→ **Your objective**: Please keep the images out and set down the data exactly as given.
======== Data for processing
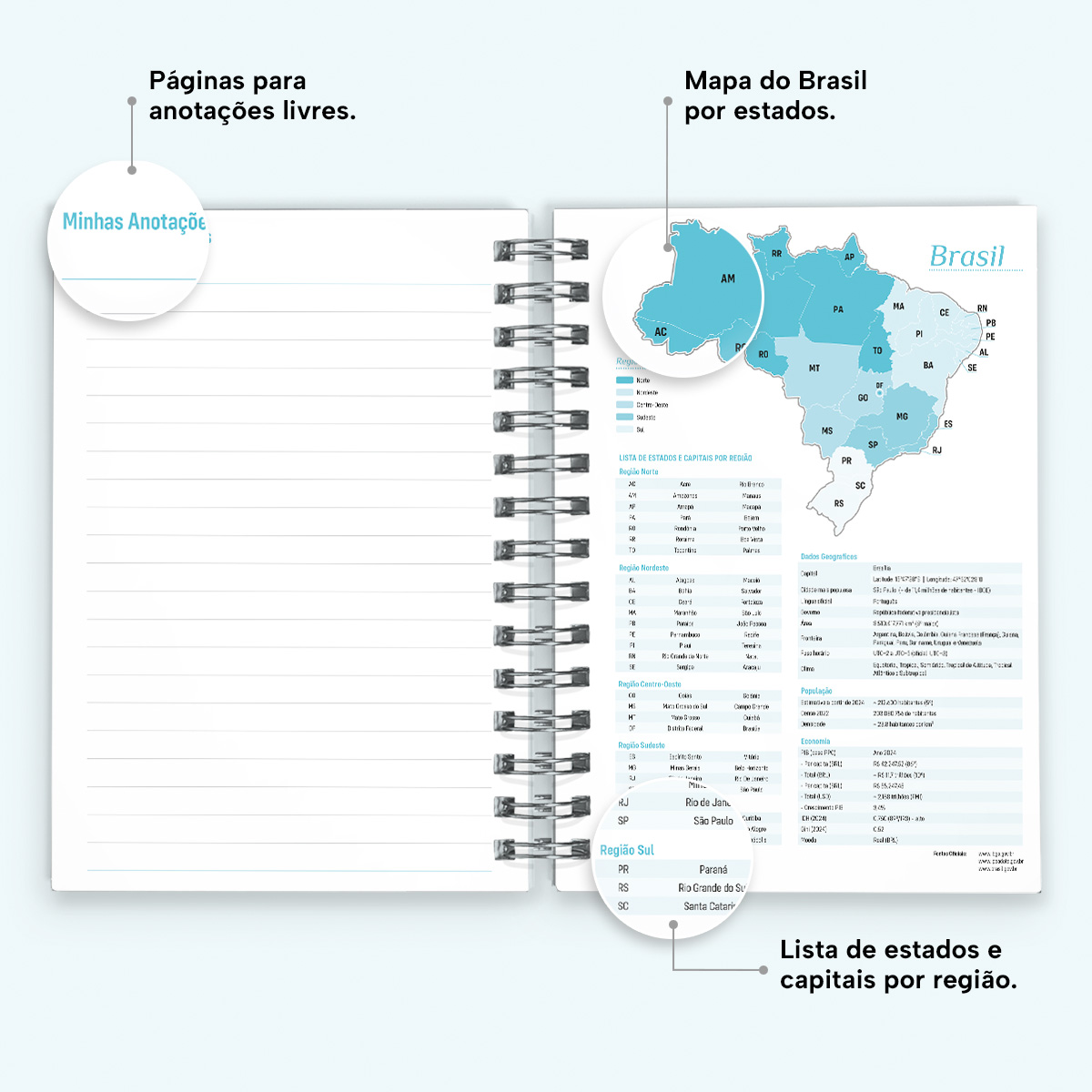 Ao final da agenda, há uma página com os principais números de telefone úteis, além de instruções sobre como efetuar ligações, uma seção dedicada a contatos, uma página em formato “bullet list” para itens de lista, páginas para anotações livres e um mapa do Brasil.
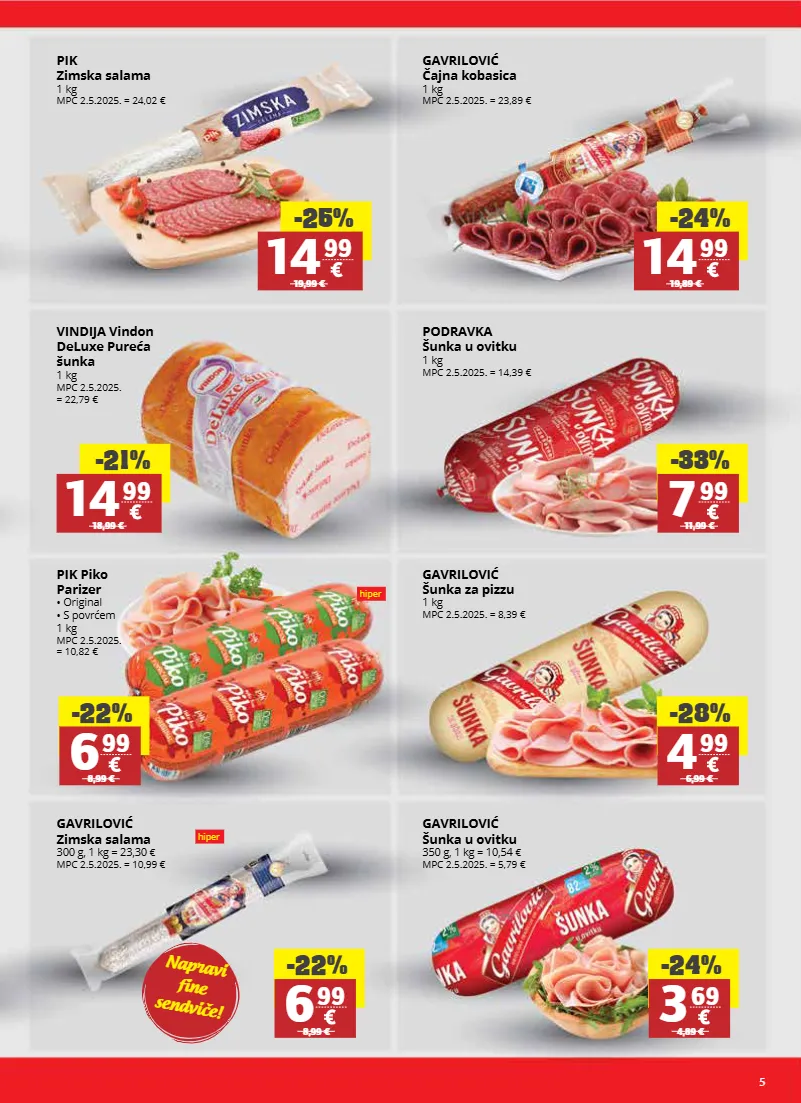 5 napravi fine sendviče! pik zimska salama 1 kg mpc 2.5.2025. = 24,02 € gavrilović čajna kobasica 1 kg mpc 2.5.2025. = 23,89 € vindija vindon deluxe pureća šunka 1 kg mpc 2.5.2025. = 22,79 € podravka šunka u ovitku 1 kg mpc 2.5.2025. = 14,39 € gavrilović šunka za pizzu 1 kg mpc 2.5.2025. = 8,39 € gavrilović zimska salama 300 g, 1 kg = 23,30 € mpc 2.5.2025. = 10,99 € gavrilović šunka u ovitku 350 g, 1 kg = 10,54 € mpc 2.5.2025. = 5,79 € pik piko parizer • original • s povrćem 1 kg mpc 2.5.2025. = 10,82 € -33% 7 99 11,99 € -28% 4 99 6,99 € -22% 6 99 8,99 € -24% 3 69 4,89 € -22% 6 99 8,99 € -25% 14 99 19,99 € -24% 14 99 19,89 € -21% 14 99 18,99 € hiper hiper
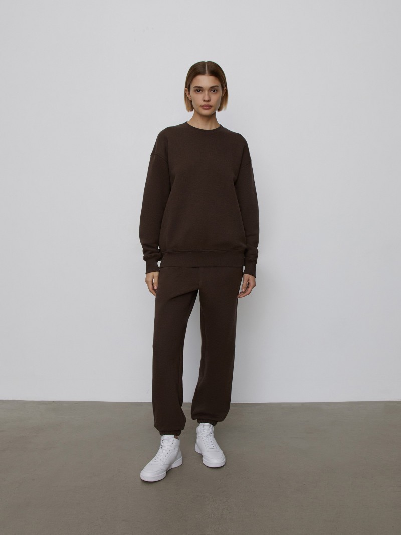 Свободные брюки для теплых образов с пуховиками и толстовками. Хлопок для этой модели собран вручную на побережье Эгейского моря: результате бережной сортировки отобрали только самые длинные и прочные волокна, поэтому трикотаж не будет скатываться и деформироваться после стирок. Каждую маленькую петельку с изнаночной стороны сделали пушистой — такой ворс не осыпается и остается равномерным после стирок. Международный сертификат GOTS (Global Organic Textile Standard) — самый строгий стандарт для органических тканей, подтверждает не только экологичность выращивания, но и социальную ответственность производителя, то есть хорошие условия и достойную оплату труда фермеров. Сделано в Турции.
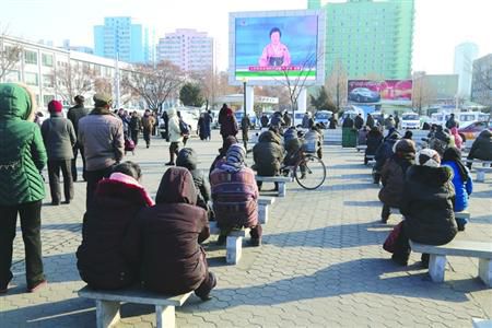 1月6日,在朝鲜首都平壤火车站,广场大屏幕前聚集着平壤市民观看关于朝鲜氢弹试验成功的报道。 图:新华社
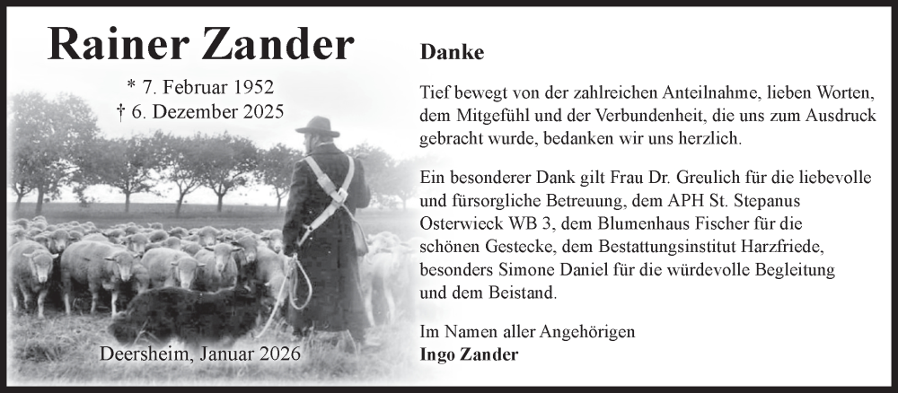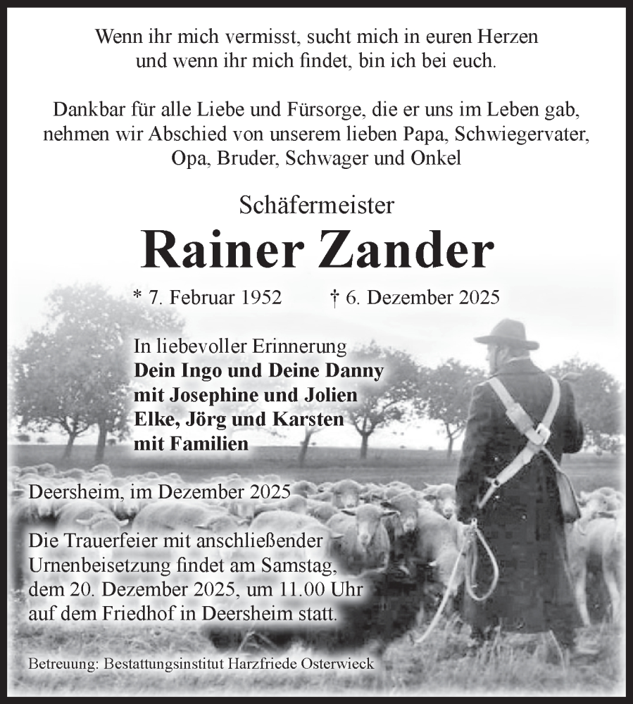 Hier finden Sie alle Traueranzeigen aus der Zeitung, die bisher für Rainer Zander erschienen sind. Weitere Traueranzeigen, die in der Zeitung erscheinen, werden hier ebenfalls aufgelistet
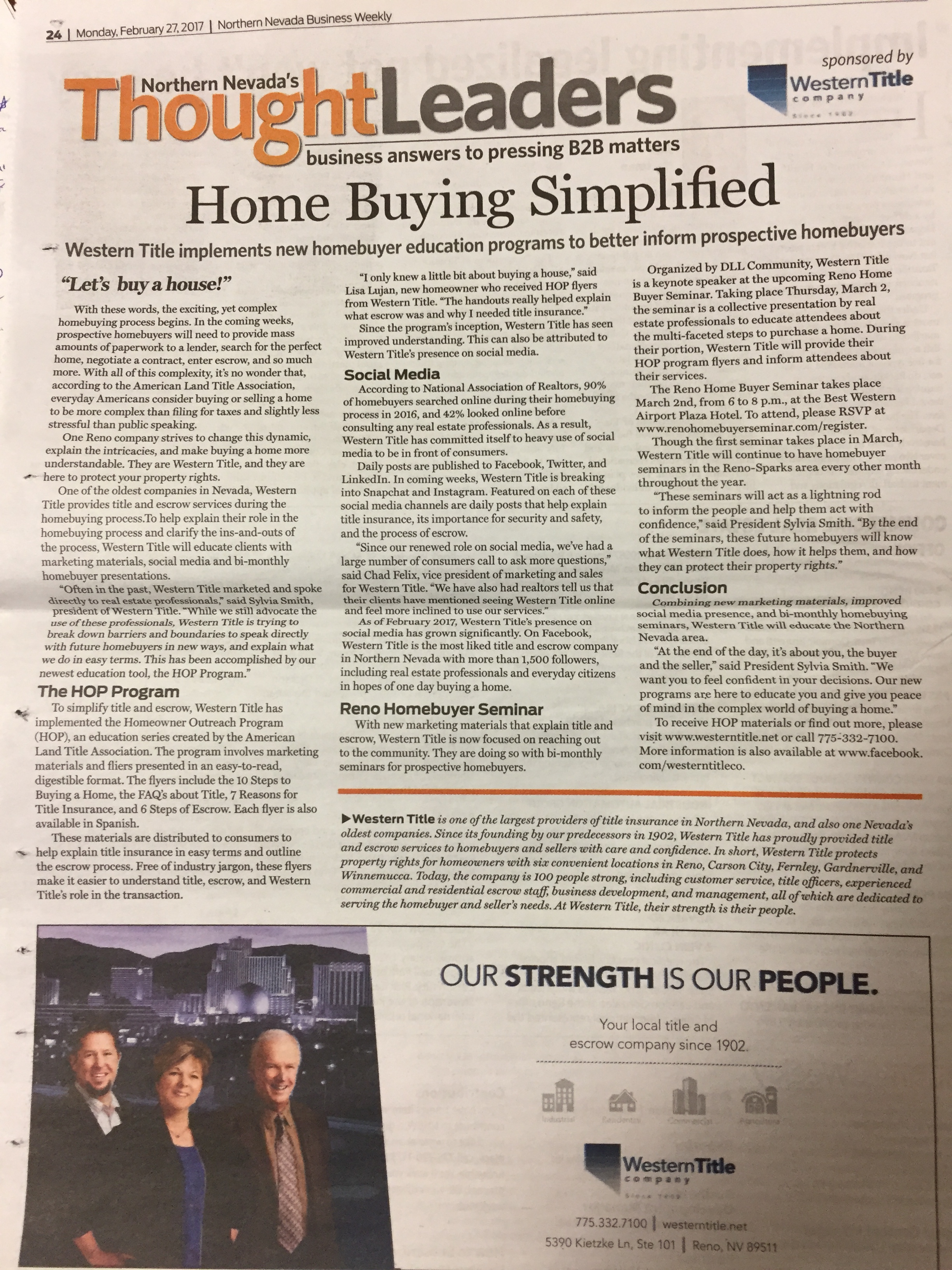 In Nevada, Western Title Co. purchased an advertorial in its weekly business newspaper. The full-page advertorial titled “Home Buying Simplified” describes how Western Title implemented HOP to better inform consumers about the home-buying process, including the benefits of title insurance and escrow.
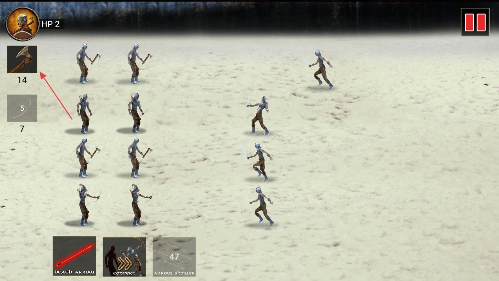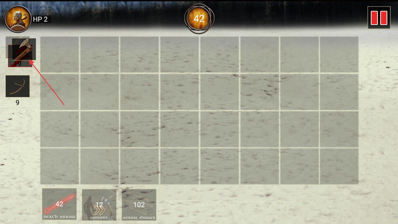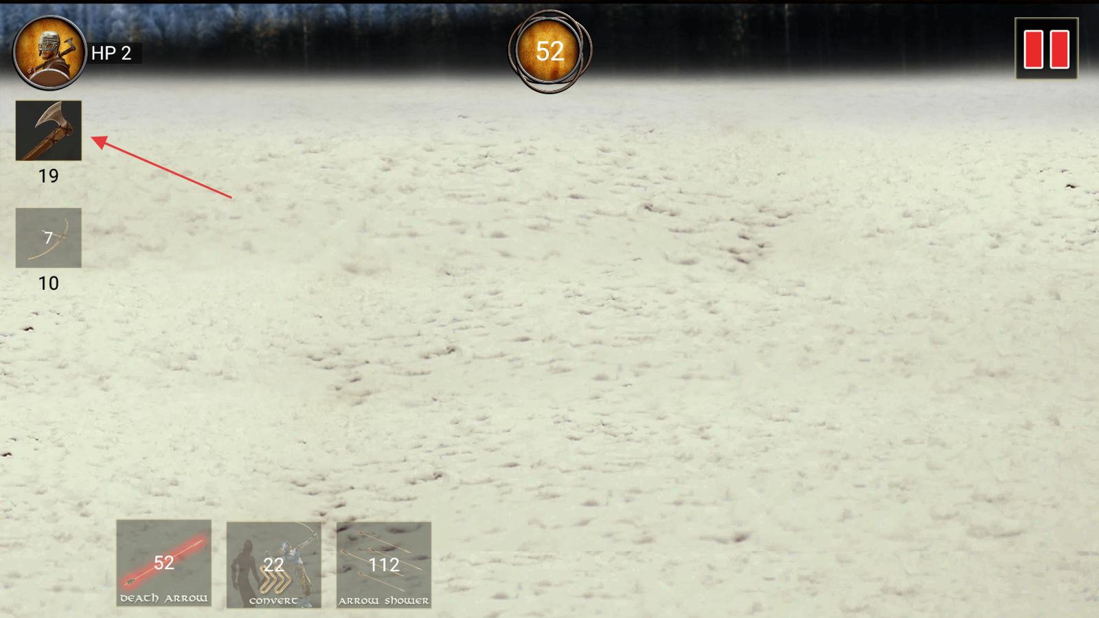 1、進入游戲界面,左側有斧頭、弓箭等武器選項,依據戰斗需求,點擊挑選合適武器,為戰斗做準備。
================
→ **Response**:
 Ao final da agenda, há uma página com os principais números de telefone úteis, além de instruções sobre como efetuar ligações, uma seção dedicada a contatos, uma página em formato “bullet list” para itens de lista, páginas para anotações livres e um mapa do Brasil.
 5 napravi fine sendviče! pik zimska salama 1 kg mpc 2.5.2025. = 24,02 € gavrilović čajna kobasica 1 kg mpc 2.5.2025. = 23,89 € vindija vindon deluxe pureća šunka 1 kg mpc 2.5.2025. = 22,79 € podravka šunka u ovitku 1 kg mpc 2.5.2025. = 14,39 € gavrilović šunka za pizzu 1 kg mpc 2.5.2025. = 8,39 € gavrilović zimska salama 300 g, 1 kg = 23,30 € mpc 2.5.2025. = 10,99 € gavrilović šunka u ovitku 350 g, 1 kg = 10,54 € mpc 2.5.2025. = 5,79 € pik piko parizer • original • s povrćem 1 kg mpc 2.5.2025. = 10,82 € -33% 7 99 11,99 € -28% 4 99 6,99 € -22% 6 99 8,99 € -24% 3 69 4,89 € -22% 6 99 8,99 € -25% 14 99 19,99 € -24% 14 99 19,89 € -21% 14 99 18,99 € hiper hiper
 Свободные брюки для теплых образов с пуховиками и толстовками. Хлопок для этой модели собран вручную на побережье Эгейского моря: результате бережной сортировки отобрали только самые длинные и прочные волокна, поэтому трикотаж не будет скатываться и деформироваться после стирок. Каждую маленькую петельку с изнаночной стороны сделали пушистой — такой ворс не осыпается и остается равномерным после стирок. Международный сертификат GOTS (Global Organic Textile Standard) — самый строгий стандарт для органических тканей, подтверждает не только экологичность выращивания, но и социальную ответственность производителя, то есть хорошие условия и достойную оплату труда фермеров. Сделано в Турции.
 1月6日,在朝鲜首都平壤火车站,广场大屏幕前聚集着平壤市民观看关于朝鲜氢弹试验成功的报道。 图:新华社
 Hier finden Sie alle Traueranzeigen aus der Zeitung, die bisher für Rainer Zander erschienen sind. Weitere Traueranzeigen, die in der Zeitung erscheinen, werden hier ebenfalls aufgelistet
 In Nevada, Western Title Co. purchased an advertorial in its weekly business newspaper. The full-page advertorial titled “Home Buying Simplified” describes how Western Title implemented HOP to better inform consumers about the home-buying process, including the benefits of title insurance and escrow.
 1、進入游戲界面,左側有斧頭、弓箭等武器選項,依據戰斗需求,點擊挑選合適武器,為戰斗做準備。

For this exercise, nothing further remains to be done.